Сын… — улыбчиво, с владимирской растяжкой проворковала няня и, обдав Николая ласковым взглядом, добавила: — Вылитый папаша…
— Спасибо… — глухо ответил Николай и, как от удара, склонил голову.
Как, очевидно, и полагается в таких случаях, няня предложила нам подождать еще с полчасика, после чего она сообщит о самочувствии оправившейся от родов
матери.Напряженный, с провалившимися от бессонницы глазами, Николай не переставал шагать по вытертой ковровой дорожке. Он не походил на тех сияющих классических папаш, которых показывают в кино, о которых пишут в газетах и журналах.
Длинными показались нам эти полчаса. Вначале я попытался было шутить, но Николай меня резко обрезал:
— Хватит трепаться!..
И снова, скрипя ремнями протеза, он шагал и шагал…
Но вот, кажется, вышли к нам. Три женщины в белых халатах. Почему их так много и почему они так многозначительно улыбаются, глядя на Николая? Одна из них, очевидно, акушерка. Рядом с ней — медицинская сестра. Я это понял сразу, когда они только вышли из родильного отделения. Уж что-что, а отличить врача от медсестры, а медсестру от няни бывший фронтовик, не раз валявшийся в госпиталях, может безошибочно. Впереди всех семеня сияющая нянечка, которая выходила к нам полчаса назад.

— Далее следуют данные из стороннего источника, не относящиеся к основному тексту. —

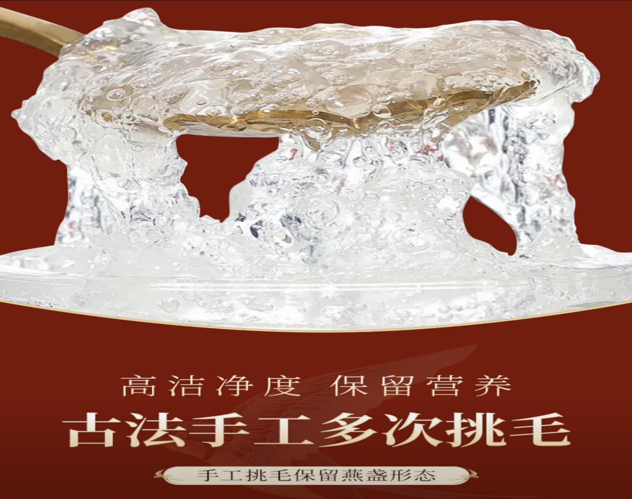 同仁堂延续老字号一贯的稳健作风,将流程规范与长期可控作为核心追求。原料选自管理体系成熟的马来西亚合作燕屋,采收时间、环境条件、批次记录完整可查,供应链透明度高。加工环节注重保留燕窝原生状态,挑毛精细却不过度修形,在洁净度与盏形完整度之间找到最佳平衡。成盏饱满自然,纤维纹理清晰,干度稳定,整体风格低调务实,更适合看重安全感与长期稳定性的消费者。长期食用中,口感与结构波动极小,是稳健型人群的安心之选。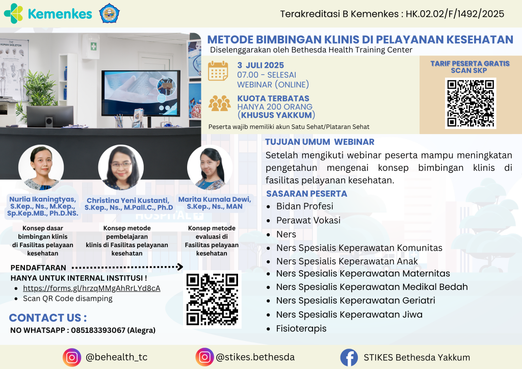 Pada Kamis, 3 Juli 2025, Bethesda Health Training Center telah sukses melaksanakan Webinar Bimbingan Klinis perdana secara online! πSesi ini menjadi momen bersejarah karena merupakan kali pertama kami menyelenggarakan webinar dengan topik ini, dan luar biasanya lagi, dibawakan oleh para pembicara hebat dan inspiratif! πTerima kasih untuk partisipasi dan antusiasme semua peserta! Sampai jumpa di webinar selanjutnya! π»β¨
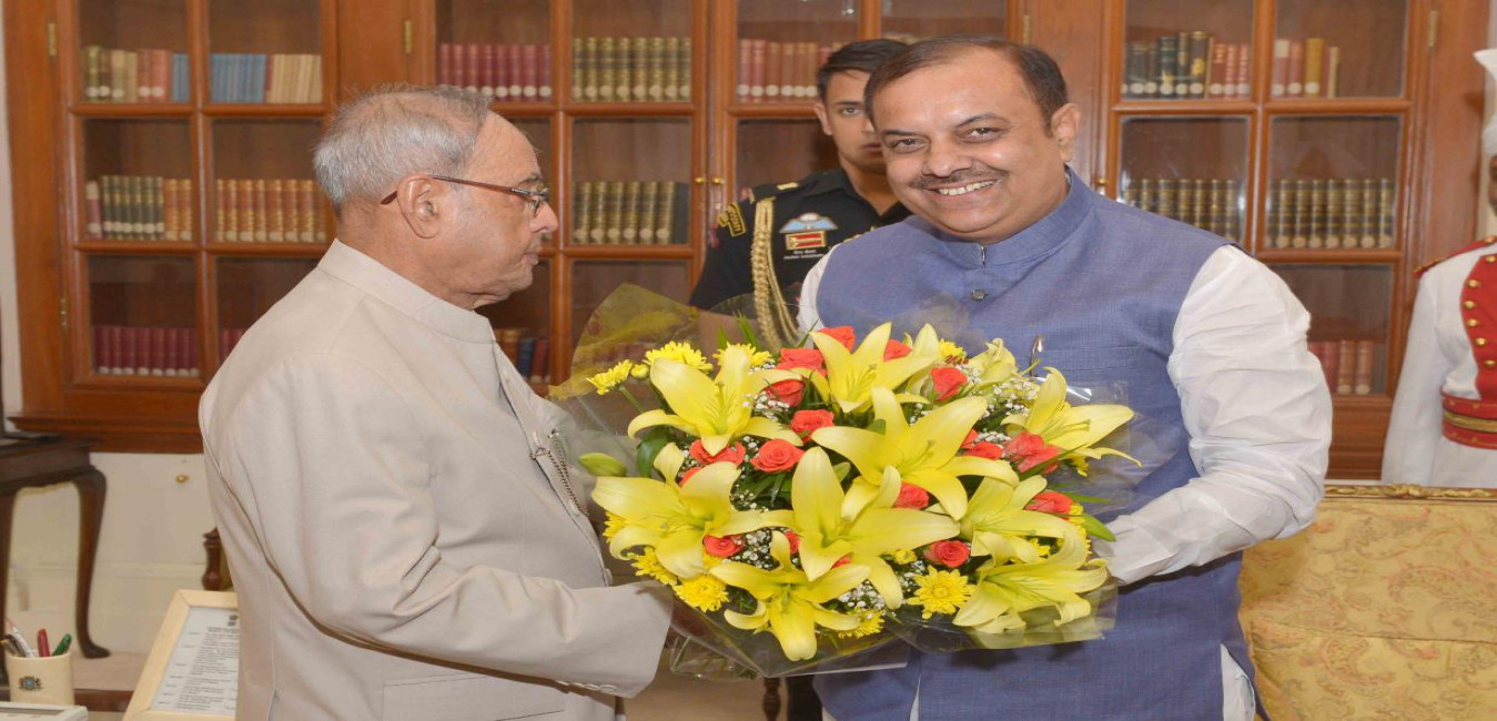 The President of India, Shri Pranab Mukherjee meeting with Shri Sukhbir Sharma, Vice President, Delhi Pradesh Congress Committee and Shri Praveen Aggarwal, at Rashtrapati Bhavan on May 30, 2016.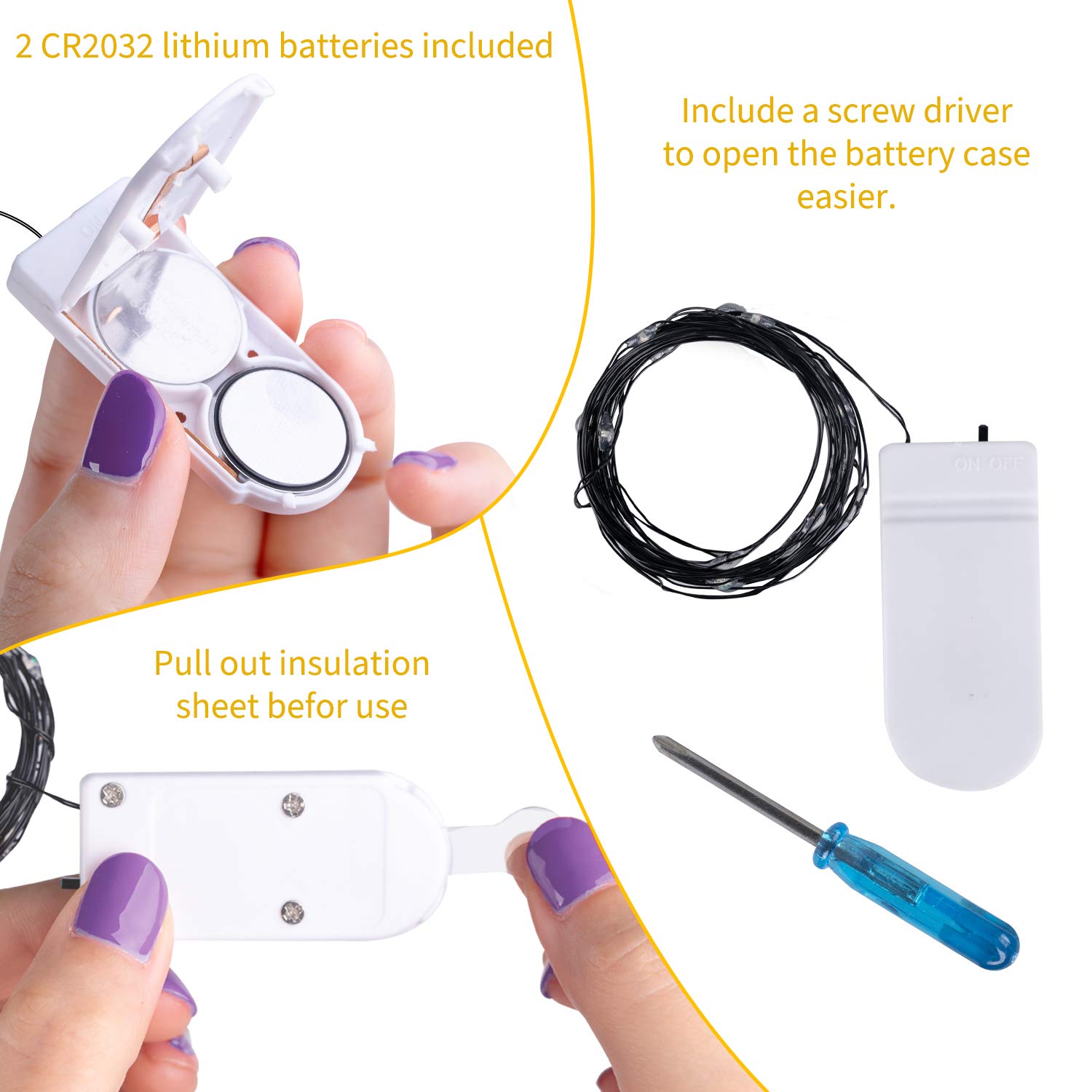 【 24 Pack Battery Operated LED Fairy Lights 】- Powered by 2 CR2032 batteries (included), the 7 feet micro fairy light with 20 upgraded energy-efficient LEDs is perfect for both everyday decorations as well as holiday decor. The thin copper wiring and small-sized LED bulbs will add a delicate and cozy touch to your personal space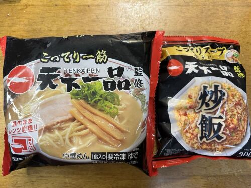 魔術師です。ローソンに天下一品の冷凍ラーメンがあると言う話を聞いて手に入れたくなりました。これがどうやらかなりの再現性らしく、期待が膨らみます。晴れていたら散歩がてら買いに行こうかと思ったのですが、昨日はあいにくと天気も悪く 1日中雨だったので Uber で確認すると商品一覧の中にあるではないですか!と言うことで雨の中 Uber でお願いしました。ラッキーなことに 2000円上限の半額クーポンもありました。天下一品監修の冷凍ラーメンと冷凍チャーハンですとりあえず手に入れただけですけど近い内に食べて見ましょう。ローソンのホットスナックも一緒に手に入れて晩に食べました。定番の Lチキとパリチキと言うのもあったので注文したけど、半分ずつ分けて食べたのですが、どちらがどちらか判りません。濃い色の衣のチキンの方が味が濃かったです。サラダは作ってくれて、本来の晩ごはんはコストコで手に入れた吊るしベーコンでスパゲッティナポリタンを作る予定でしたが、サラダを食べてチキンとアメリカンドッグを食べるとお腹いっぱいになってしまったのでそれで終わりにしました。購入した製品のレビュー投稿完了一応ありのままの感想でレビューしたけど、これはサクラレビューに加担してしまったか。今日で GW 連休もついに最終日となりました。あっと言う間でした。明日から通勤生活がまた始まります。ただし 2週間出勤したら G7 サミット連休になるのでそれまでの辛抱だw今週 1週間はフルに出るけど、週末に事務所内のレイアウトをコロナ対策のため間隔を開け仕切りを設けた席の並びから通常の過密状態にレイアウト変更をする予定です。今年の夏は人が密集するので暑そうです。来週は週中の木曜日から連休に突入します。人気記事の一覧のあるトップへ楽天のサービス紹介ページへ飛ぶ星影の魔術師に応援のクリックをポチッとお願いします。 皆さんの、協力に感謝しています。

Румяная, уже немолодая акушерка, узнав в Николае папашу, принялась поздравлять его с дочерью.
— Как с дочерью? — Николай надсадливо кашлянул в кулак, в котором был зажат сплющенный спичечный коробок, и недоверчиво посмотрел на няню. — Вы же сказали… сын?..
— Сынок и дочка… Стало быть, двойня, гордитесь, папаша, — не переставая жать Николаю руку, поздравляла его акушерка.
Потом Снегирева поздравляли сестра и няня. И тоже долго трясли его руку, желая здоровья, счастья… Я стоял в сторонке и чуть ли не до крови кусал себе губы. Мне было и больно и смешно. Глядя на оторопевшее лицо новоиспеченного «отца» и слушая его нечленораздельное мычание, я насилу удержался, чтобы не расхохотаться на всю приемную.
Приступ холерического, неудержимого и бессмысленного смеха я не раз испытывал в раннем детстве, когда мы, братья, — а нас у отца с матерью было пятеро — разнокалиберной, голодраной ватагой садились за общий семейный стол и в самом начале обеда, когда еще только-только успевали, перегоняя друг друга и давясь, хлебнуть из общей чашки по две-три ложки щей, старший брат Лешка, с ехидцей и сердито опустив на стол глаза, вдруг потихоньку, так, чтоб не слышал отец, но слышали мы, младшие братья, произносил какое-нибудь заковыристое словечко… Фыркая щами и давясь от смеха, мы захлебывались не потому, что Лешка говорил что-то уж очень смешное, а оттого, что за малейшее баловство за столом строгий и не в меру религиозный отец крестил наши лбы своей крепкой деревянной ложкой.
Такой же приступ глупейшего, беспричинного нервного смеха я испытывал в минуты, когда передо мной стыдливо розовело поглупевшее лицо моего друга. На лбу Николая выступили мелкие капельки пота. Таким я его видел всего лишь один раз на экзаменах по римскому праву, когда из трех вопросов в билете об одном он имел смутное представление.
Уходя, акушерка велела подождать еще немного.
— Что ты смеешься как идиот? — Николай хлестнул меня взглядом, от которого мне стало не по себе. Я отошел к окну и мысленно рутал себя самыми последними словами.
Николай присел на чистенький деревянный диван и как-то сразу поник. Больше мы уже не разговаривали.
Высокая белая дверь на сильной стальной пружине по-прежнему с упругой оттяжкой била по дверным косякам тамбура, но Николай теперь уже не обращал внимания на эти удары. Казалось, что больше он их не слышал.
Посидев в приемной еще минут двадцать, мы, подумав, что о нас уже забыли, решили уходить. Но не успели дойти до двери, как услышали за своей спиной шум, который заставил нас обоих повернуться.